Lord, I am so thankful that you are in charge of my life.

Let Go, Girl!

"When we willingly accept our lot in life, welcoming all that God is trying to teach us through it, we lose the drive to over control, to micromanage in an all-out attempt to appear perfect and ensure everything is 'just so'."  LIG p54

God, thank you for being so patient with me and my inability to more times than not give you complete control over my life.  My desire to control situations, people, and other aspects of my life is an enormous burden on my heart brought on by fear-fear that if I don't control, everything will go wrong.  Please remove this burden from my heart, Lord, and replace it with peace and security of your love and control over my life.  Help me to remember that you will never leave nor forsake me, and that you will be with me wherever I go...and at the beginning of the day, you, not I,  always make everything the best it can be in my life.  Thank you.  

Stand By Your Man

The Biblical dance step that is easiest to follow in my marriage is my submitting to my husband, and the love and respect I have for him-that we have for each other.  He makes it so easy because of the respect and patience he has for me.  I watch other marriages around us and the communication within them.  I've seen husbands condescend to their wives, and it's disappointing and disrespectful.  My husband doesn't ever act like he is entitled to my submission to him and our marriage.  He is grateful, as am I.   I've seen many husbands behave the exact opposite both in and out of the presence of their wives, and it's disappointing.  My husband and I are best friends, and we share a mutual love and respect for each other.  Neither one of us acts superior to the other, but we see each other as equals.  Another dance step that is easy for me is the ability to influence, not manipulate.  It is one of my pet peeves to see a woman cry in order to get something she wants from her husband, or anyone really.  I've never considered that respectful or grown-up behavior.  When I would like my husband to do something, I ask him.  If he doesn't want to do it, and it isn't that big of a deal to me, that's basically the end of it.  If it is a big deal, I express that to him.
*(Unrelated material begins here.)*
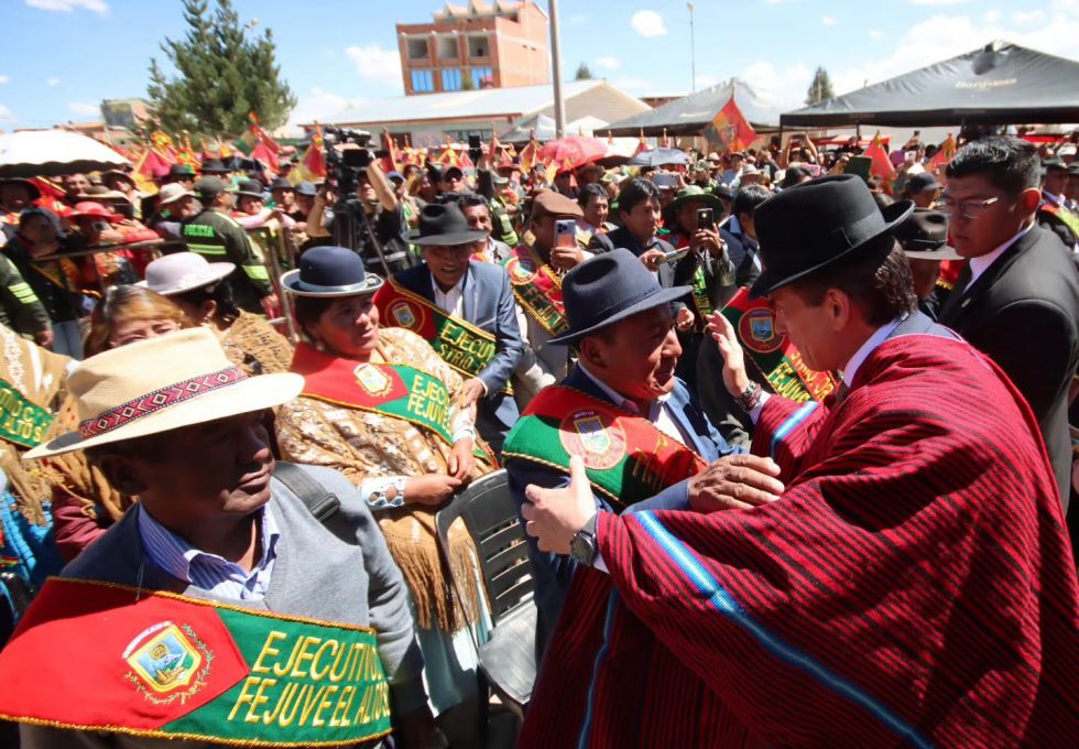 Durante el acto, Paz entregó al presidente de la Fejuve del Distrito 8 las llaves de una vagoneta, gestionada –según dijo– por el ministro de Gobierno, Marco Oviedo. quien lo acompañó. También entregó computadoras con la ministra de Educación, Beatriz García y, finalmente, prometió construir una sede para la Fejuve sur.

The simple fact that it matters to me makes it matter to him, and I extend the same courtesy to him.  
A dance step I do have trouble with is backing off and giving him control, especially where our child is concerned.  He is a fantastic and involved father, and a blessing to parent with.  Though I'm a little more laid back now, when our daughter was an infant, in my mind, I was the only one who knew everything she needed and when she needed it.  I think that is common with mothers, but unfortunately, I also think it can make our husbands feel as if they don't know what they are doing.  My need to control everything about how my child is cared for instead of backing off and letting my husband take the reins and make some decisions of his own can really crush his self-confidence as a father.  As his wife, that is wrong for me to make him feel that way in any situation, whether it be child care, house work, cooking, anything.  I need to be nothing but supportive and trusting of the decisions he makes in our lives, and especially with our child.  My husband is intelligent, loving, and a true blessing to me and our daughter. 


















Sunday, February 10, 2013

Let. It. Go. Online Bible Study

I have received the blessing of a lifetime by starting this online Bible study of Let. It. Go.   Author Karen Ehman has really hit home with me and my struggles with control.  I experienced a complete revelation just by reading the first two or three pages!